» **WHAT YOU WILL DO**: Skip every picture, and output exactly the lines starting at the one with "Job Breakdown Sheet Example" and running through the last line of the material below.
--- START ---
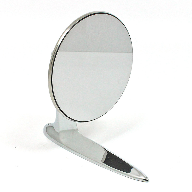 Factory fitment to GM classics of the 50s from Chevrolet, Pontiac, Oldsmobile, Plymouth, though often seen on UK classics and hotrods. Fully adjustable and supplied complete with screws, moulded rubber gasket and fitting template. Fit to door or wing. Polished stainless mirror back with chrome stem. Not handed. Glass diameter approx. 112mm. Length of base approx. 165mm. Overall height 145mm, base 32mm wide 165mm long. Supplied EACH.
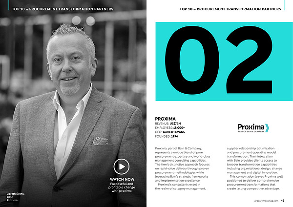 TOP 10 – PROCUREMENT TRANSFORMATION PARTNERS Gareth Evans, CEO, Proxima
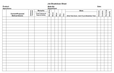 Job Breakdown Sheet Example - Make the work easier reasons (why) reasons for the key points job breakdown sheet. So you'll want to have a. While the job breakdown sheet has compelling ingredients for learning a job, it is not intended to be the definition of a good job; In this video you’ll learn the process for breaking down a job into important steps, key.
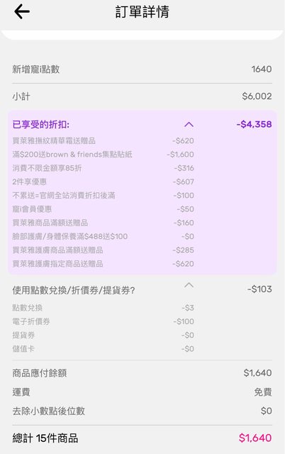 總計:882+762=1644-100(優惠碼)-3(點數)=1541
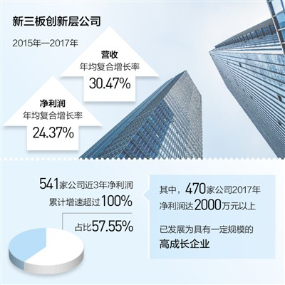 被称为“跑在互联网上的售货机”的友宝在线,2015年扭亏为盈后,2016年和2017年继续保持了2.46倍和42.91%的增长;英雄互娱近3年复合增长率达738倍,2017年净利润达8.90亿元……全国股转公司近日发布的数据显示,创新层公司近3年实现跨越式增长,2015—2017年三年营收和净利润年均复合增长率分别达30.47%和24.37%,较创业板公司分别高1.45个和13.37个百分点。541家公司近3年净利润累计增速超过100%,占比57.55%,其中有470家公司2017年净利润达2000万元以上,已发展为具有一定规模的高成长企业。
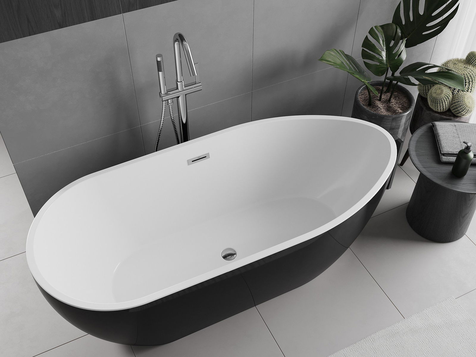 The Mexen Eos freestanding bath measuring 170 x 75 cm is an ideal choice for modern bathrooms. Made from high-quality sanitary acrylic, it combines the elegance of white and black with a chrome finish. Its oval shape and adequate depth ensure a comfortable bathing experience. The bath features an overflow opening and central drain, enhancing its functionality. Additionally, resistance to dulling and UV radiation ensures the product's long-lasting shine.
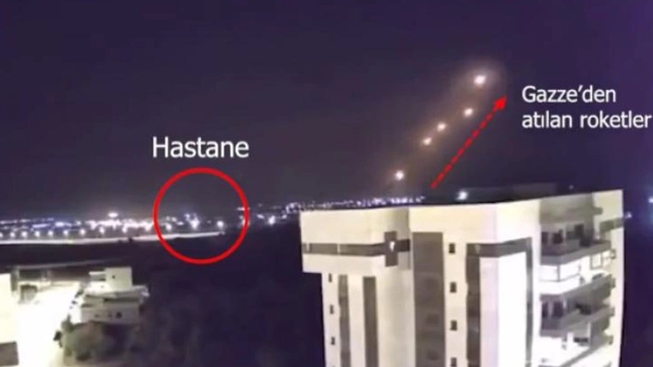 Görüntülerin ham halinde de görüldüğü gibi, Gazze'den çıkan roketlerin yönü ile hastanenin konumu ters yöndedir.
--- END ---
» **THE COMPLETED TASK**:
 Job Breakdown Sheet Example - Make the work easier reasons (why) reasons for the key points job breakdown sheet. So you'll want to have a. While the job breakdown sheet has compelling ingredients for learning a job, it is not intended to be the definition of a good job; In this video you’ll learn the process for breaking down a job into important steps, key.
 總計:882+762=1644-100(優惠碼)-3(點數)=1541
 被称为“跑在互联网上的售货机”的友宝在线,2015年扭亏为盈后,2016年和2017年继续保持了2.46倍和42.91%的增长;英雄互娱近3年复合增长率达738倍,2017年净利润达8.90亿元……全国股转公司近日发布的数据显示,创新层公司近3年实现跨越式增长,2015—2017年三年营收和净利润年均复合增长率分别达30.47%和24.37%,较创业板公司分别高1.45个和13.37个百分点。541家公司近3年净利润累计增速超过100%,占比57.55%,其中有470家公司2017年净利润达2000万元以上,已发展为具有一定规模的高成长企业。
 The Mexen Eos freestanding bath measuring 170 x 75 cm is an ideal choice for modern bathrooms. Made from high-quality sanitary acrylic, it combines the elegance of white and black with a chrome finish. Its oval shape and adequate depth ensure a comfortable bathing experience. The bath features an overflow opening and central drain, enhancing its functionality. Additionally, resistance to dulling and UV radiation ensures the product's long-lasting shine.
 Görüntülerin ham halinde de görüldüğü gibi, Gazze'den çıkan roketlerin yönü ile hastanenin konumu ters yöndedir.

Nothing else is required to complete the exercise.